In clinical trials, icosapent ethyl was associated with an increased risk of atrial fibrillation or atrial flutter (irregular heart rhythms) requiring hospitalization. The incidence of atrial fibrillation was greater among participants with a history of atrial fibrillation or atrial flutter. Icosapent ethyl was also associated with an increased risk of bleeding events. The incidence of bleeding was higher among participants who were also taking other medications that increase the risk of bleeding, such as aspirin, clopidogrel or warfarin at the same time.

== Society and culture ==
=== Legal status ===
In January 2021, the Committee for Medicinal Products for Human Use of the European Medicines Agency adopted a positive opinion, recommending the granting of a marketing authorization for the medicinal product Vazkepa, intended to reduce the risk of cardiovascular events in people at high cardiovascular risk. The applicant for this medicinal product is Amarin Pharmaceuticals Ireland Limited.

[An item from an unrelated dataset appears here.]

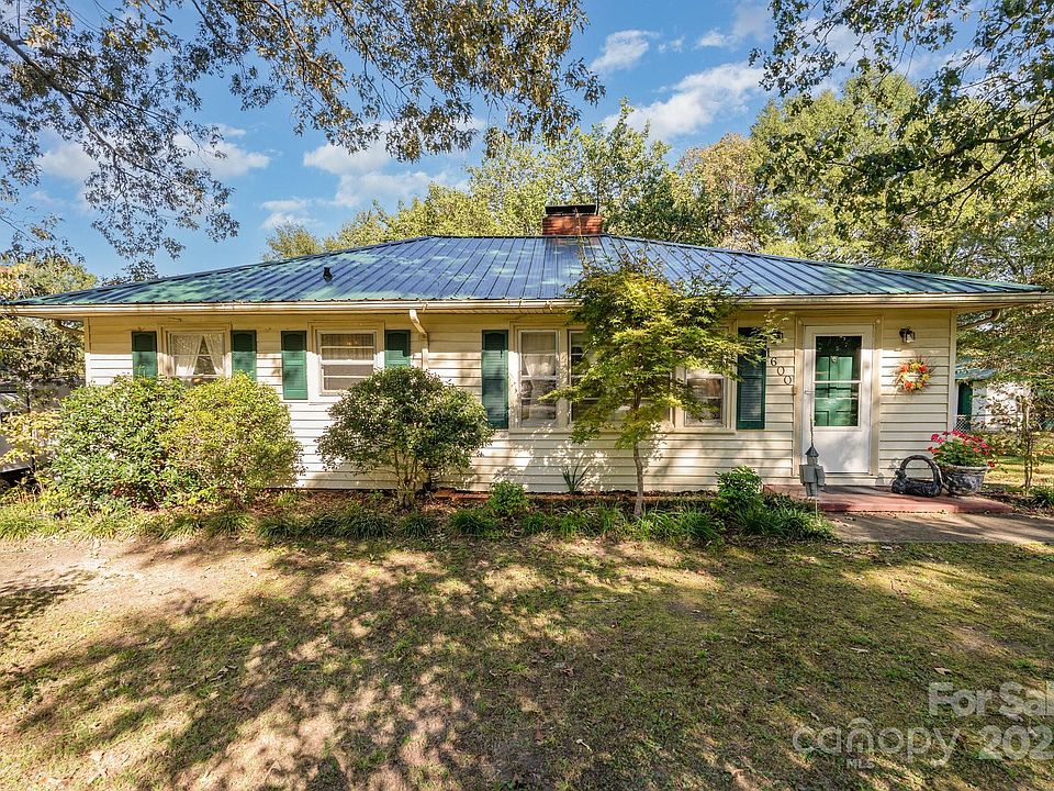 Welcome home to cozy one story living! Just a short distance from downtown Gastonia, this home is perfect for the modest lifestyle. The home features great curb appeal with flower beds, mature shade trees, a detached deck, a detached one car garage with wood burning fireplace and metal roof, a fenced in back yard, and an asphalt driveway. Outside also includes a 2025 year metal roof, painted shutters, a back porch for peaceful sitting. Inside you will find two spacious bedrooms, a bathroom that includes the washer and dryer, hardwood floors, renovated kitchen with stainless steel appliances, a dining area featuring lots of highly desirable natural light along with a wood burning fireplace. Spend your evenings relaxing in the living room around the gas log fireplace. This home has everything that should make you want to take a tour!

It was approved for medical use in the European Union in March 2021.

On June 4, 2026, The US Supreme Court ruled unanimously in Hikma Pharmaceuticals USA Inc. v Amarin Pharma, Inc. the 9-0 ruling in favor of Hikma, holding that routine marketing statements and skinny labeling alone do not constitute “active inducement” of patent infringement without explicit affirmative steps encouraging doctors to prescribe the generic for patented use. The case started when Hikma launched a generic version using a "skinny label" (a Section VIII carve-out) covering only the unpatented severe hypertriglyceridemia indication, while omitting Vascepa's patented cardiovascular risk reduction indication . Amarin Pharma's, the original medicine manufacturer, sued Hikma Pharmaceuticals, alleging that its press releases and website marketing as “Generic Vascepa” induced patent infringement for the carved out cardiovascular use.